Over a year on from the highly controversial partygate scandal and subsequent Sue Gray report, it seems reasonable to comment again on the declining lack of trust the people of the UK has in its leading public bodies, including the Met Police.

Before, I drew upon the statistics of the 2022 Edelman Trust Barometer Global Report to evidence how the general public’s trust in the government had weakened. Timely, the 2023 report has recently been published and this still remains the case.

Alongside the 2023 Edelman Trust Barometer Global Report, exploring the findings of the extensive Baroness Casey Review, an independent review into the standards of behaviour and internal culture of the Met Police, will allow us to discover what forms of change are required within our government and public bodies for them to regain public trust.

As an organisation that specialises in leadership and development, we understand first-hand how difficult it can be to lead in certain areas. The Met has faced significant challenges over the last ten years. Many of these have been beyond their control. These include austerity, changes in crime patterns, greater non-crime demand and a regulatory system that makes it difficult to rid of those who corrupt the Met’s integrity. However, because of the actions of some within the Metropolitan Police Service that resulted in significant human costs, trust, or a lack of it, has again risen to the forefront of public concern.
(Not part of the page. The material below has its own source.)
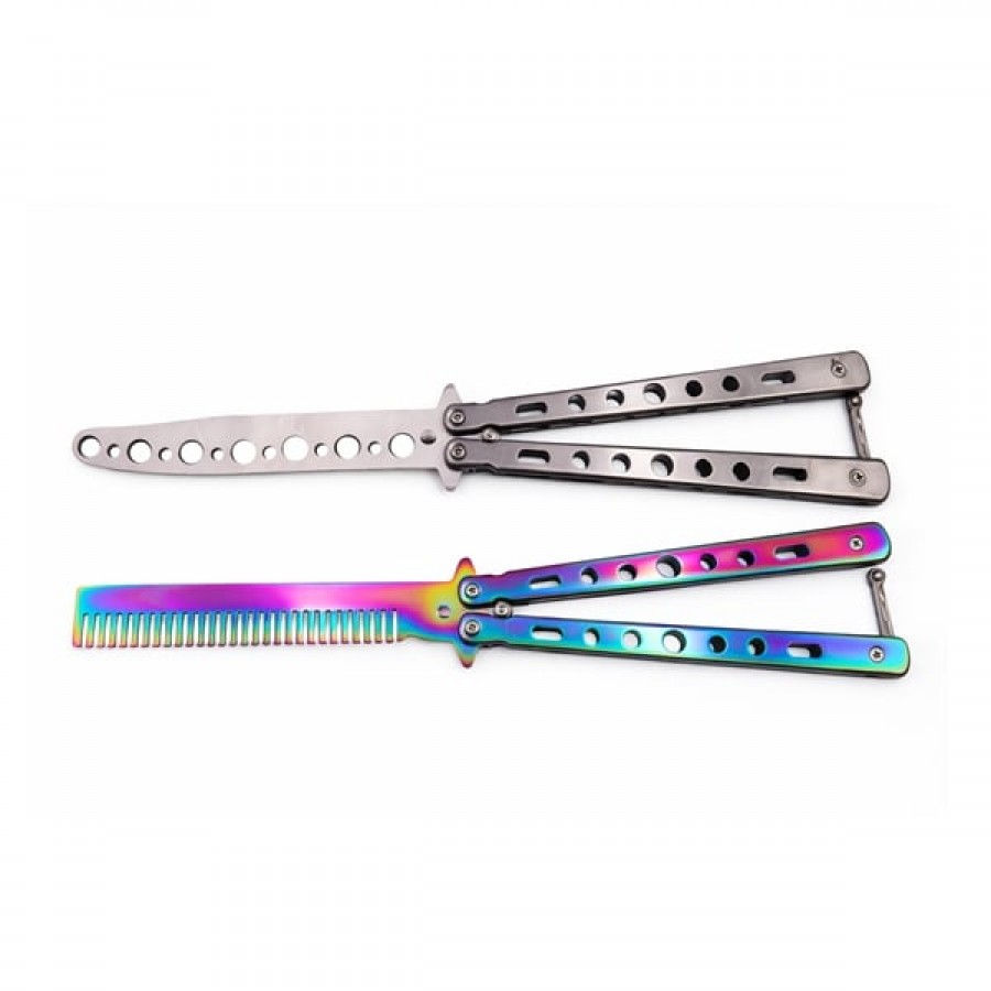 Etichete: Set briceag fluture de antrenament + pieptene tip fluture, otel rezistent, 22.5 cm

With the Met appointing a new leadership team, Mayor of London Sadiq Khan said that they would not have his support unless they can demonstrate they understand the true extent of the cultural and organisational problems within the Met. This poses an internal challenge for the Met’s leadership team. What reforms can they introduce that can begin to fix these cultural issues?

Policing by consent

The problem that the Met faces is that if trust and confidence are not restored to some degree, society risks losing policing by consent. Policing by consent is to recognise always that the power of the police to fulfil their functions and duties is dependent on public approval of their existence, actions and behaviour and on their ability to secure and maintain public respect. Rebuilding public confidence in the policing service is essential if we are to safeguard a legitimate future for policing – consent is not unconditional, it relies on the police operating with integrity and accountability. Fearfully, if policing by consent begins to fail, we threaten our national democratic representation and a breakdown in law and order.

Leaders of the UK’s leading public bodies, as well as leaders within government, can help strengthen the public’s approval of and confidence in the Met’s existence by encouraging a leadership style based on ethical values, policy and process and organisational structure. Therefore, in understanding organisational and workplace culture, the need for inclusive leadership and the need for ethical leaders, perhaps we can begin to understand how the government and the UK’s leading public bodies can rebuild the trust and confidence of the people of the UK.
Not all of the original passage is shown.